→ YOUR OBJECTIVE
Copy the material below verbatim from the line with "Russian President Vladimir" to the line with "Old Murk-Eye is", both lines included, omitting pictures and every line outside that range.

Top of RECORDS PROVIDED

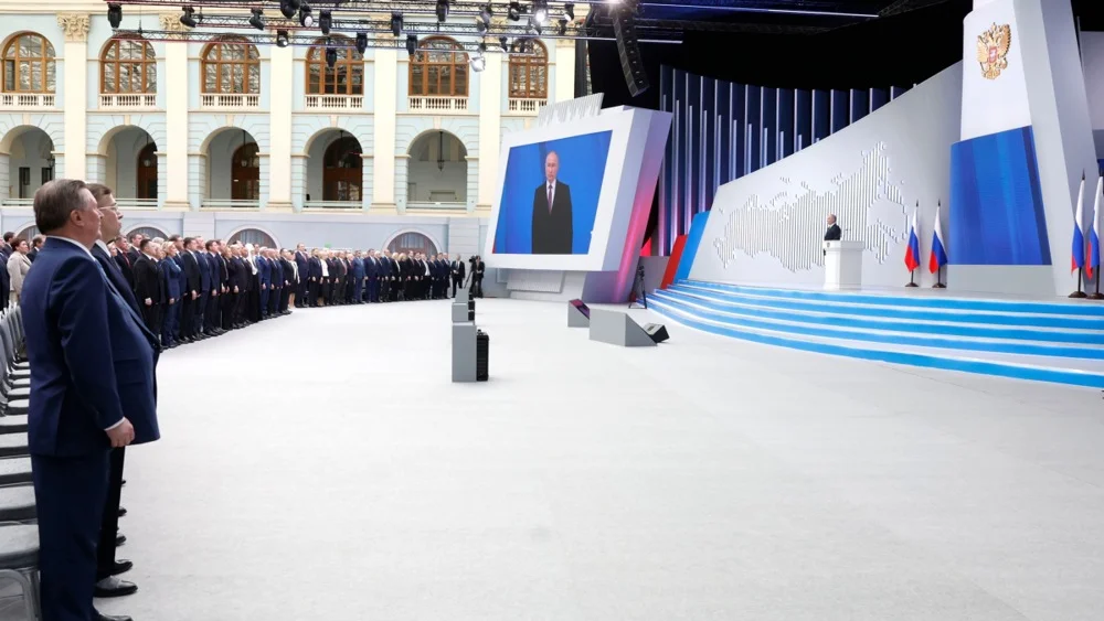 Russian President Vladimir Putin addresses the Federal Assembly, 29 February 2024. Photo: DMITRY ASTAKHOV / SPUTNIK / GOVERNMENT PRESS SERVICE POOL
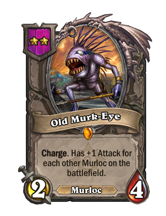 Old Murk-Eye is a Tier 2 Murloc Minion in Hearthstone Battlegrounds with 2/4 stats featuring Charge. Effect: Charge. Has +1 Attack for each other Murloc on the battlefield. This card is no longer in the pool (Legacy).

Bottom of RECORDS PROVIDED
Top of RECORDS PROVIDED

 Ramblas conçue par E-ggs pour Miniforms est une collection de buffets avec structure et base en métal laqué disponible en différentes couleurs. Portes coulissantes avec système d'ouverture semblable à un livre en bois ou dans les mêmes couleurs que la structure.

Bottom of RECORDS PROVIDED
Top of RECORDS PROVIDED

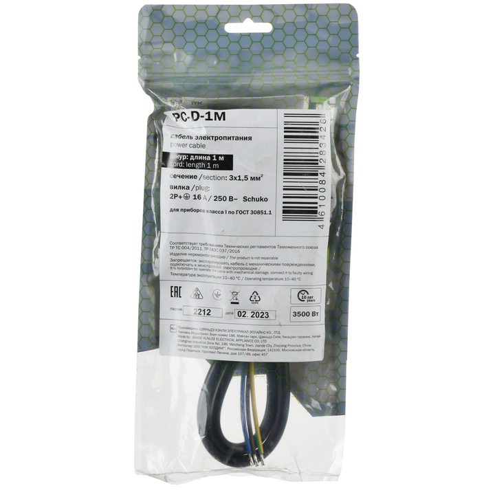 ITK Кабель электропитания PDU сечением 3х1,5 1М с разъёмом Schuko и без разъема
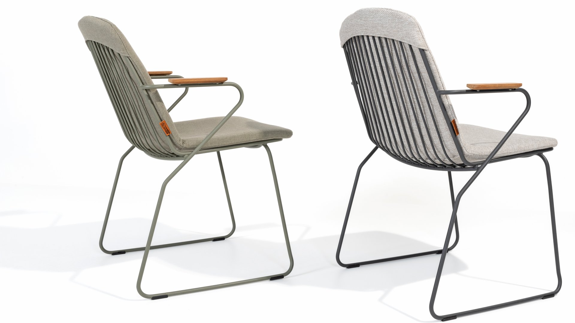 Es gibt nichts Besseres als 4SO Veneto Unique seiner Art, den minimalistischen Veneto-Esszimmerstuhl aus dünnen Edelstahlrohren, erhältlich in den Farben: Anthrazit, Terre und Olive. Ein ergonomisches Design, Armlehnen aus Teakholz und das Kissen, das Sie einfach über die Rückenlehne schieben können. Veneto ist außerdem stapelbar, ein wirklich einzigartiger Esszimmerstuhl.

Bottom of RECORDS PROVIDED

→ THE ANSWER
 Russian President Vladimir Putin addresses the Federal Assembly, 29 February 2024. Photo: DMITRY ASTAKHOV / SPUTNIK / GOVERNMENT PRESS SERVICE POOL
 Old Murk-Eye is a Tier 2 Murloc Minion in Hearthstone Battlegrounds with 2/4 stats featuring Charge. Effect: Charge. Has +1 Attack for each other Murloc on the battlefield. This card is no longer in the pool (Legacy).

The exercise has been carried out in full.